To the best of our knowledge, this is the first study demonstrating that an oral solution of hyaluronic acid in a cascade-fermented organic whole food concentrate is effective in moisturizing the skin, reducing wrinkles, and improving elasticity and skin roughness in Caucasian women.

Materials and Methods

Test Product

The test product used in this study was a HA of biotechnological origin (NUTRIHYL) with a molecular weight of ≥1 MDa, designed for nutritional use, diluted in in a cascade-fermented organic whole food concentrate supplemented with biotin, vitamin C, copper, zinc, and natural silica.

The product was provided by Dr Niedermaier Pharma GmbH (Hohenbrunn, Germany), commercially available as Regulatpro Hyaluron.

Study Design

The study was carried out as an open, uncontrolled monocentric study on the effects of this specific HA preparation on 20 female healthy participants after 40 days of daily intake.

All test subjects received detailed information listing every single parameter relevant to the study.

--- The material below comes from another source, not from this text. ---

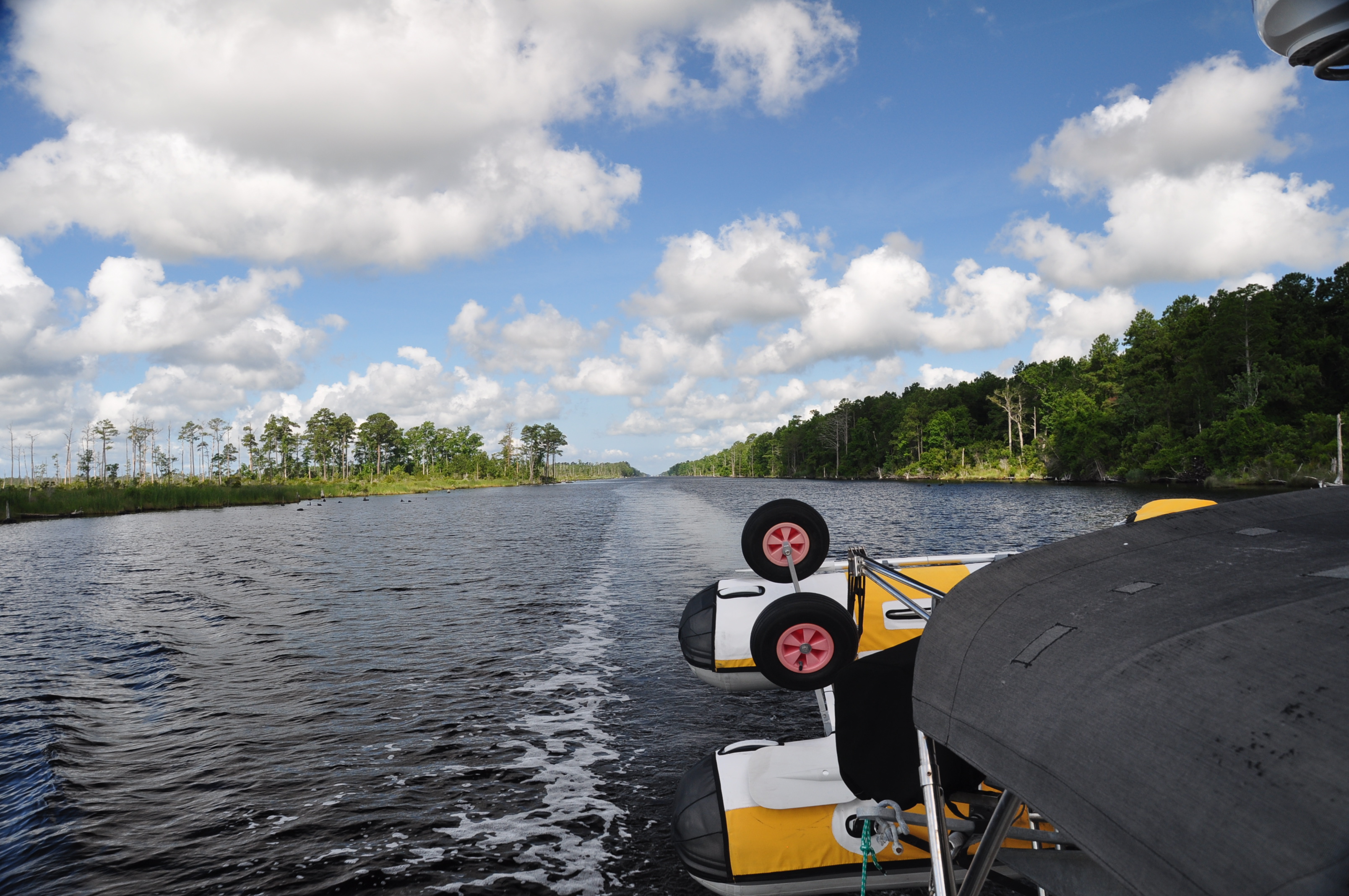 Leaving Beaufort, we headed up the ICW on the inside of the Outer Banks (avoiding rounding Cape Hatteras) and planned to go toward Manteo, North Carolina (which is near Kitty Hawk). We motored up the Alligator – Pungo River along a narrow swath of water, bordered by trees and wildlife and the water was so calm we could see our boat’s reflection as we meandered along.

All subjects gave signed, informed consent after receipt of the written information and having had a possibility for further questioning.

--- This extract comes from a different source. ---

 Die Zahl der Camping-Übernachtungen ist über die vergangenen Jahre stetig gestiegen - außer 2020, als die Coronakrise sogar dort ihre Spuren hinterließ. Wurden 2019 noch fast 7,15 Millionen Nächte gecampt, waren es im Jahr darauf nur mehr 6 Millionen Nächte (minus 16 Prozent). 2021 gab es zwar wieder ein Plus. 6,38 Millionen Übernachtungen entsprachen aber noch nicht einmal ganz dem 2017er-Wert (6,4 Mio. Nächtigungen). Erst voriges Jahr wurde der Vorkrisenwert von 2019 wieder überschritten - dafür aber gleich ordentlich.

The study was approved by the “Freiburger Ethic-Kommission International,” Freiburg, Germany.

Subjects

A total of 20 female subjects with healthy skin in the age group of 45 to 60 years were enrolled in the trial. The product was drunk by the participants at home once daily in the morning. Participants were advised to drink one glass of still water following the consumption of 20 mL Regulatpro Hyaluron, to enable the HA to hydrate as soon as possible. Before study entry, all participants were examined by a dermatologist.

Inclusion Criteria

The inclusion criteria were as follows. Females with healthy skin, without pathologic skin changes in the test area, ranging in age from 45 to 60 years, personal informed consent to participate in the study, personal presence on the predefined days at the institute. Persons had to be able to communicate with the investigator, and to understand and follow the requirements of this clinical trial.

Exclusion Criteria

Exclusion criteria were any deviation from the aforementioned inclusion criteria, severe or chronic skin diseases (eg, psoriasis, atopic eczema), severe internal or chronic diseases, systemic medications that are able to diminish skin reaction (glucocorticoids, antiallergics, topical immune modulators), application of drug containing preparations or cosmetic preparations 7 to 10 days prior to the start, severe allergies or severe side effects toward cosmetic products in the past, tanning, or use of sunbeds during the trial. Pregnant, breastfeeding, or cancer patients were also excluded from the trial.

During the study, participants were advised not to change their lifestyle or usual habits (eg, regarding smoking or alcohol consumption) and not to change or stop intake of estrogen or progesterone.

Assessments

The test sites were the wrinkle area around both eyes (latheral canthus). Skin hydration was assessed at the forearm.

Measurement Times

All measurements were performed before the first intake of the product, after 20 and 40 days.

Measurement of Skin Hydration

Assessment of skin surface hydration by electrical capacitance was carried out using the Corneometer CM 825 (Courage + Khazaka electronic GmbH, Cologne, Germany) as recommended by the manufacturer and described in earlier publications.17,18

Measurement of Skin Elasticity

Skin elasticity was assessed with the Cutometer MPA 580 (Courage + Khazaka electronic GmbH). The Cutometer measures elasticity of the upper skin layer using negative pressure, which deforms the skin mechanically. The measuring principle is based on the suction method. Negative pressure is created in the device and the skin is drawn into the aperture of the probe and after a defined time released again. Inside the probe, the penetration depth is determined by a noncontact optical measuring system. This optical measuring system consists of a light source and a light receptor, as well as 2 prisms facing each other, which project the light from transmitter to receptor. The light intensity varies due to the penetration depth of the skin. The resistance of the skin to the negative pressure (firmness) and its ability to return into its original position (elasticity) are displayed as curves (penetration depth in mm/time) in real time during the measurement. This measurement principle allows getting information about the elastic and mechanical properties of skin surface and enables to objectively quantify skin aging.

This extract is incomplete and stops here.